Forderung nach einem Belastungsmoratorium
Der BDL fordert daher ein „Belastungsmoratorium“, also eine vorübergehende Aussetzung dieser Kosten. Bischof betont, dass dies ein erster Schritt wäre, um die Konnektivität der deutschen Flughäfen zu sichern und die Anbindung des Wirtschaftsstandortes Deutschland zu verbessern. Das Ziel ist es, die Attraktivität deutscher Flughäfen für internationale und nationale Fluggesellschaften zu erhöhen und die Wettbewerbsfähigkeit auf dem internationalen Markt zu stärken.
Zusätzlich zu den bereits hohen Gebühren müssen Airlines und Flughäfen in Deutschland bald mit weiteren Kostensteigerungen rechnen. Ab Anfang nächsten Jahres wird der maximale Gebührensatz für Luftsicherheitskontrollen von 10 auf 15 Euro pro Passagier steigen. Dies wird die Betriebskosten weiter erhöhen und könnte die ohnehin angespannte finanzielle Lage der Luftfahrtunternehmen weiter verschärfen.
Kritik am EU-Klimapaket „Fit for 55“
Neben den nationalen Kostenbelastungen äußert der BDL auch Kritik am europäischen Klimapaket „Fit for 55“. Dieses Paket, das darauf abzielt, die EU bis 2030 um 55 Prozent klimafreundlicher zu machen, wird von der Branche als übermäßig belastend angesehen. Der BDL argumentiert, dass das Klimapaket die europäische Luftfahrtindustrie unverhältnismäßig stark belastet und den Wettbewerbsvorteil der Airlines aus dem arabischen Golf und der Türkei verstärkt. Diese Regionen profitieren von niedrigeren Betriebskosten und weniger strengen Umweltauflagen, was ihnen einen zusätzlichen Vorteil im internationalen Wettbewerb verschafft.

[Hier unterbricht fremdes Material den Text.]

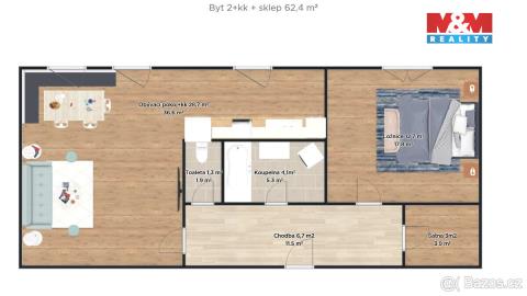 K pronájmu, Byt 2+kk, 42 m2 Kolín, Moravcova
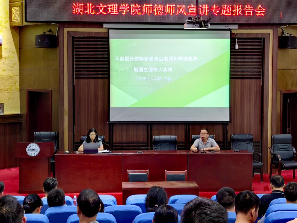(人事处 通讯员 姚璐璐)9月7日下午,湖北文理学院“师德师风宣讲报告会”在行政楼一楼报告厅举行。马克思主义学院王丽博士给教师们做了题为“不断提升教师思想政治素质和师德素养,增强立德树人实效”的专题报告,此次报告会是学校“师德师风建设月暨宣教月活动”师德宣教重要的内容之一,也是新进教师校本培训的第一讲。2023年新进教师和学校部分教师160余人参加报告会。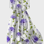 Тази елегантна макси рокля с бяла основа и лилави цветове излъчва свежест и женственост. Леката материя и проветливият крой са идеални за вашите пролетни и летни визии.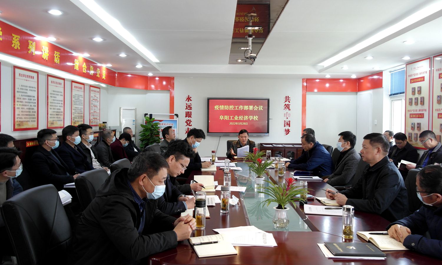 3月28日上午,阜阳工业经济学校召开疫情防控工作部署会议,校班子成员、各科室负责人参加会议。会议由校党委书记、校长周波主持。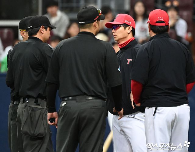 이때 함지웅 구심이 1루로 다가가 1루심과 판정에 대해 논의했고, 이내 심판진이 함께 대화를 나눴다. 함지웅 구심은 최종적으로 사구를 선언했다.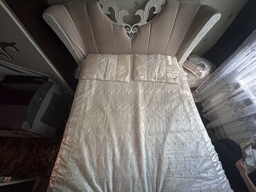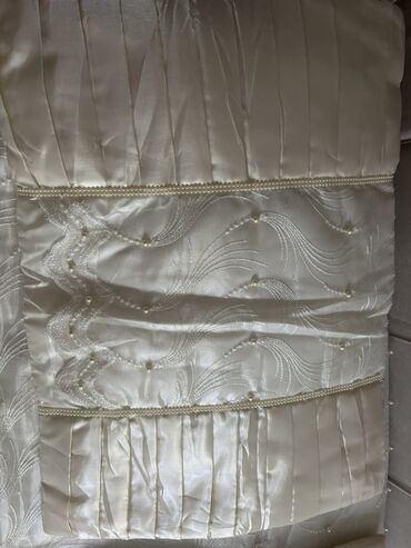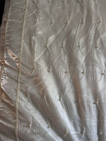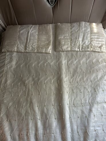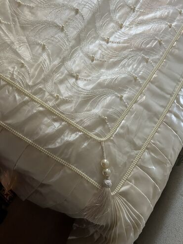 Şık yataq dəsti – atlas parça və zərif tüllə bəzədilmiş örtük və yastıq üzləri - Rəng: krem-şampan tonları, qızılı naxış və haşiyələr - Dizayn: iri çiçək aplikasiyaları, ətrafı incə bəzək tikişlər...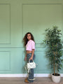 La nostra “Paris mini total White” a uno borsa a mano, capiente e versatile con tracolla regolabile a spalla larga con borchie, e specchietto a forma di cuore inclusi.

Auswirkungen auf die Branche
Die aktuellen Herausforderungen stellen die deutsche Luftverkehrsbranche vor erhebliche Probleme. Die hohen Kosten und die sich verschärfenden Wettbewerbsbedingungen könnten langfristige Auswirkungen auf die Entwicklung und Stabilität des Sektors haben. Eine nachhaltige Lösung ist notwendig, um die Attraktivität deutscher Flughäfen für internationale Fluggesellschaften zu erhöhen und den Wirtschaftsstandort Deutschland im globalen Wettbewerb zu stärken.
Die Branche fordert von der Politik ein Umdenken in Bezug auf die Kostenstruktur und die Regulierung, um eine ausgewogene und wettbewerbsfähige Grundlage für die Luftfahrtindustrie zu schaffen. Nur durch eine Kombination aus Kostenreduktion, regulatorischer Anpassung und strategischer Investition kann der deutsche Luftverkehrsmarkt seine Position im internationalen Vergleich verbessern und eine nachhaltige Erholung nach den pandemiebedingten Rückschlägen gewährleisten.
Der langsame Fortschritt des deutschen Luftverkehrs im Vergleich zu anderen europäischen Ländern ist ein besorgniserregendes Zeichen für die Branche. Hohe Kosten durch staatliche Gebühren und die bevorstehenden Erhöhungen belasten die Airlines und Flughäfen zusätzlich. Ein sofortiges Handeln zur Reduzierung dieser Kosten und eine kritische Überprüfung der europäischen Klimapolitik könnten entscheidend dafür sein, wie sich der deutsche Luftverkehrsmarkt in den kommenden Jahren entwickeln wird.